NPQ’s Week in Review
Good Morning! At NPQ, what moves you is what moves us. The Week in Review highlights what our readers nominate as their favorite content and what they share with us and the community in the form of tweets, comments, contributed articles, and newswires.
But first, take a look at what you might have missed last week in some of the major news stories covered in NPQ.
THE NLRB RELEASED FINDINGS ON 14 EMPLOYMENT ACTIONS REGARDING SOCIAL-MEDIA USE BY EMPLOYEES: We ran two newswires this week that are must-reads for any human-resources person. The law on social-media use in and around the workplace is still being written; the wise nonprofit keeps up. The National Labor Relations Board (NLRB) issued a report on 14 instances where firings occurred due to inappropriate use of social media. Separately, a decision was reached in the Hispanics United case where five nonprofit workers were fired for discussing their employer online.

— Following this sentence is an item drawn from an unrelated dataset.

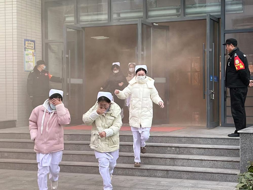 演练当日,随着警报声的响起,任课老师们迅速化身“安全引导员”,按照预案带领学生从规定的疏散通道有序撤离。学生们牢记演练要领,弯腰低姿、掩住口鼻,迅速而有序地撤离到安全区域。各楼层负责引导的保安坚守岗位,指挥若定,确保了撤离过程的安全与有序。

IT’S THE JOBS, STUPID: In the week leading up to President Obama’s address on his new jobs plan, elected officials at the state and municipal levels were also releasing their own plans, and many had implications for nonprofits. For example, Boston Mayor Tom Menino announced a citywide jobs program which will give incentives to nonprofits to hire the unemployed. (Stay tuned to NPQ this week for an analysis of Obama’s jobs proposal by our national correspondent, Rick Cohen.) In a related story, Guidestar reported that the CEO-pay gap for women in the nonprofit sector persists.
AMERICA’S OBSESSION WITH THE VERY RICH GRINDS ON: We were happy to see that Obama included an elimination of tax breaks for the very rich in his jobs proposal, citing Warren Buffet’s position on the matter. In our own version of such obsessions, the Gates Foundation got big readership on our Newswire for putting millions into Western Governors University, a college co-founded by presidential candidate Rick Perry and also because some of its highest-placed staff on educational policy are leaving the foundation, prompting speculation about a Gates brain drain. One does wonder why people committed to the success of education would leave an institution with such growing influence in that field.
TENTH ANNIVERSARY OF 9/11 REVEALS THE BEST, AND A LITTLE OF THE WORST, OF U.S. CHARACTER: During a week when many were commemorating the almost inconceivable heroism of so many on September 11, 2001 there were also the sadly unavoidable reports of exploitation of the tragedy by unscrupulous operators. Still, a couple weeks ago Rick Cohen looked at an Associated Press report on the topic and found that there was a lot of nuance, even in its reports of charitable failures.